Depuis le mois d'avril, Sosthène Nguema Nguema, le ministre des Mines et des Ressources géologiques, déroule, dans de nombreux médias, ses ambitions pour un secteur qu'il veut transformer en "pilier majeur de la croissance". Le discours est bien rodé et permet d'apprendre beaucoup de choses.
Le Gabon va faire, avec l'appui de la BAD, l'acquisition d'un laboratoire mobile à 189 millions FCFA pour analyser les minerais sur site et renforcer la traçabilité. Le budget du ministère a bondi de 4,56 à 68,12 milliards FCFA entre 2025 et 2026. Cette hausse vise à financer la prospection, la cartographie géologique et la modernisation des contrôles. Plus de 240 missions d'inspection sont prévues en 2026.

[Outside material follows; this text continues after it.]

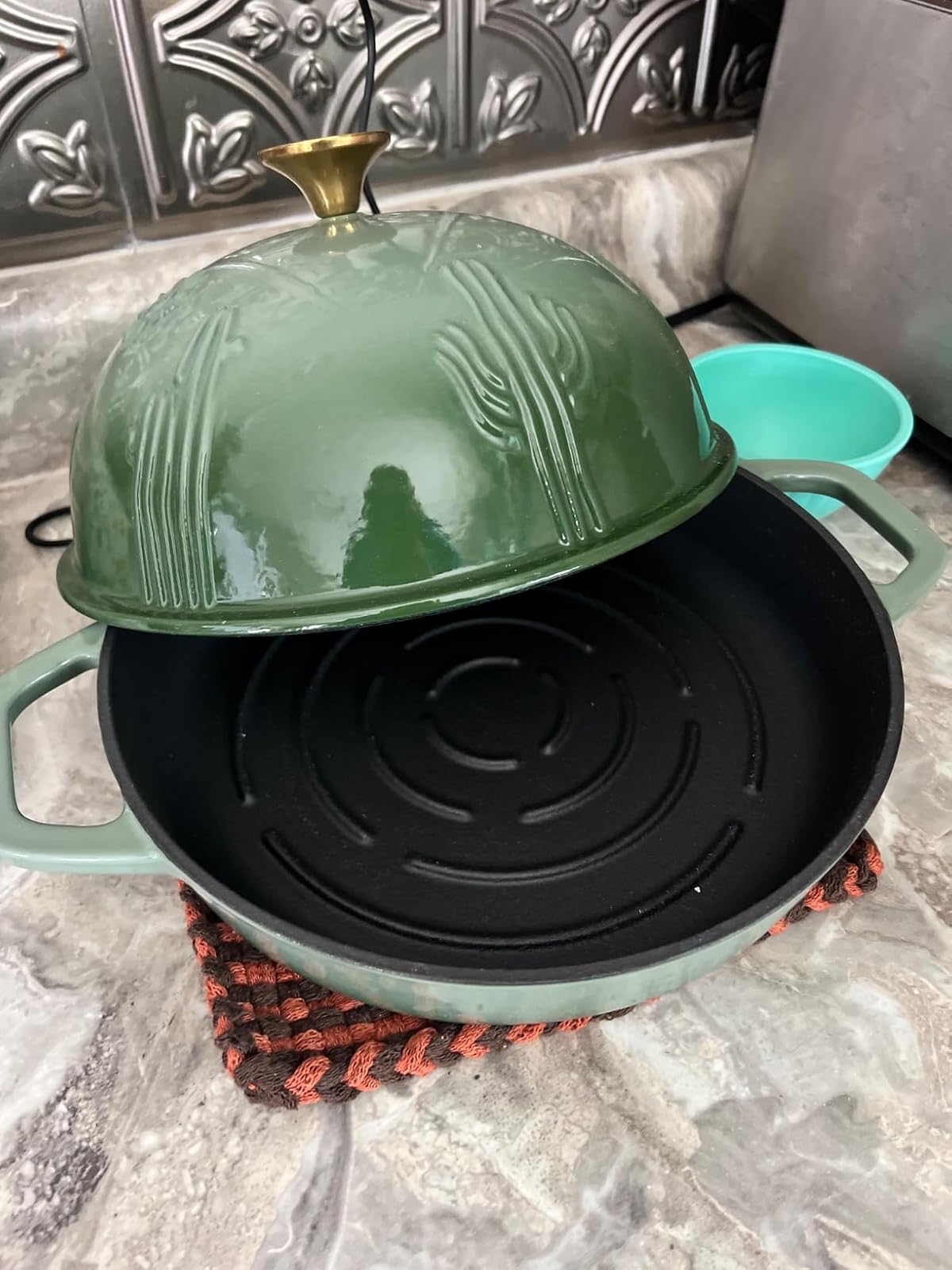 I love this Dutch oven!! It’s right up my alley with the fun green color and cactus design. It also bakes bread well and washes up nicely! Great buy.

L'interdiction d'exporter le manganèse à partir de 2029 oblige à une refondation de ce secteur. "Nous avons également réussi à mettre en place des conventions avec des sociétés qui, aujourd’hui, n’ont pas nécessairement de permis de manganèse, mais qui s’engagent à construire des usines de transformation de manganèse. Il restait une question : où trouver la matière première ? Cette matière première est détenue majoritairement par certains opérateurs, notamment Comilog, avec de bonnes teneurs. Nous avons donc établi un accord avec Comilog pour la vente locale de manganèse", a-t-il indiqué au site "Ceux qui font l'Afrique".

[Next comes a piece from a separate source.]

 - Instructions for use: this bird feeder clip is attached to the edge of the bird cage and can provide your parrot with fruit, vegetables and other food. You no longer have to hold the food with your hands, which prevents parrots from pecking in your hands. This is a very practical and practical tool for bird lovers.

Or, le vernis des différentes interviews cache assez mal les zones d'ombre. L'interdiction d'exporter le manganèse brut est fixée à 2029. Mais aucune infrastructure de transformation n'existe aujourd'hui. Qui finance les unités de traitement ? Où ? Sous quel régime fiscal ? Le ministre ne dit rien. Les informations disponibles dans la presse ne permettent pas d'avoir une vue d'ensemble. Pourtant, l'importance du sujet aurait mérité plus de précisions sur une feuille de route industrielle. La présence de gallium est présentée comme une perspective "très prometteuse". Or Apollo Minerals n'a confirmé que des "traces significatives" et non des réserves chiffrées. L'exploration étant encore en cours. L'enthousiasme ministériel devance largement les données disponibles.

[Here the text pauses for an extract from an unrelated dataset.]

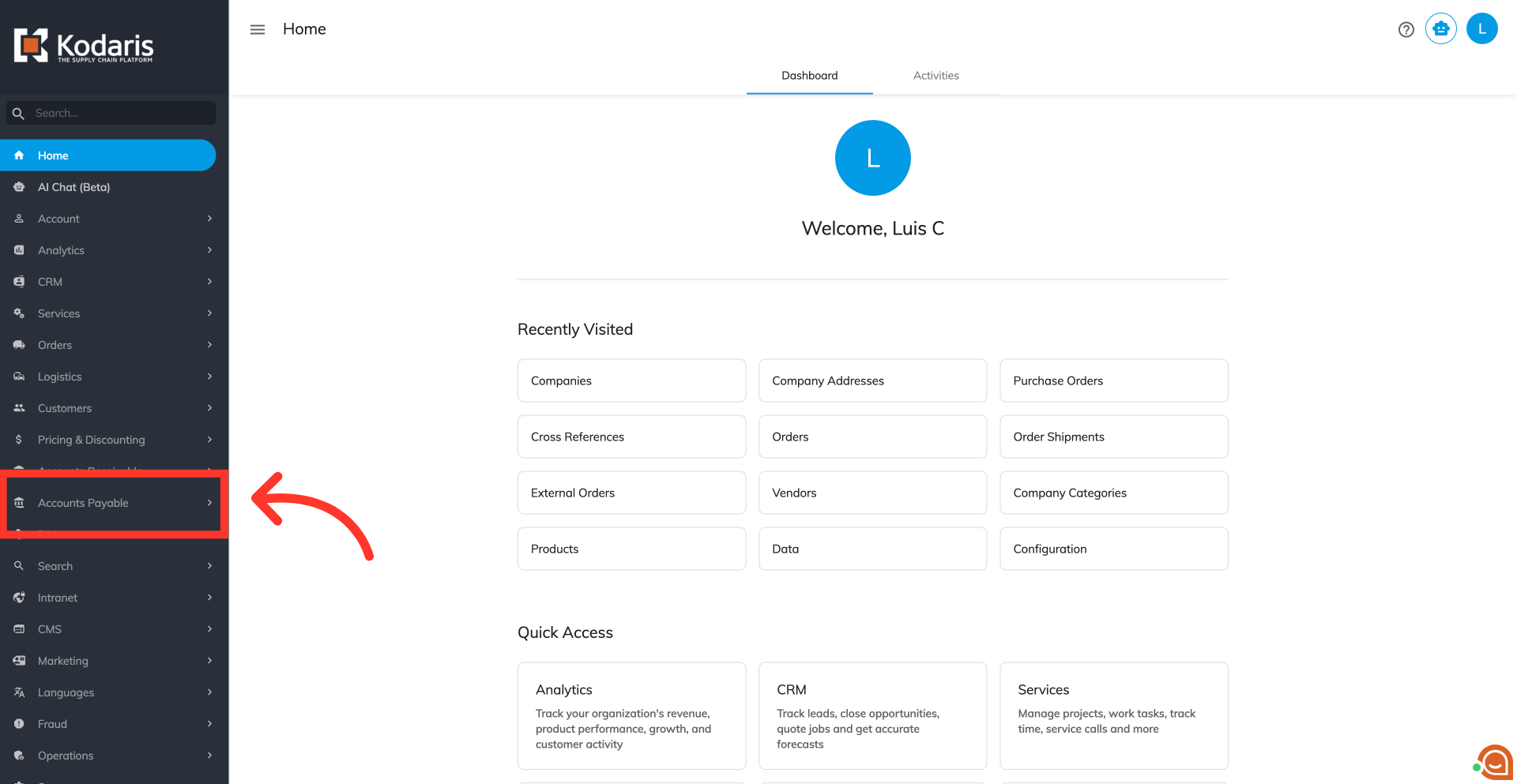 To export vendor data, navigate to the "Accounts Payable" section in the Operations Portal.

Pour ce qui est de l'or, 3 000 orpailleurs ont été recensés et révèlent l'ampleur de l'informel et des exportations frauduleuses d'or. La régularisation des dossiers, la création de coopératives, la carte minière nationale : tout reste au stade de l'intention. Dans l'ensemble des interventions du ministre, pas un mot sur les délais, le budget alloué, etc. Difficile de savoir comment faire passer un secteur presque informel à une puissante filière. Et avec autant de blancs, forcément d'autres questions naissent.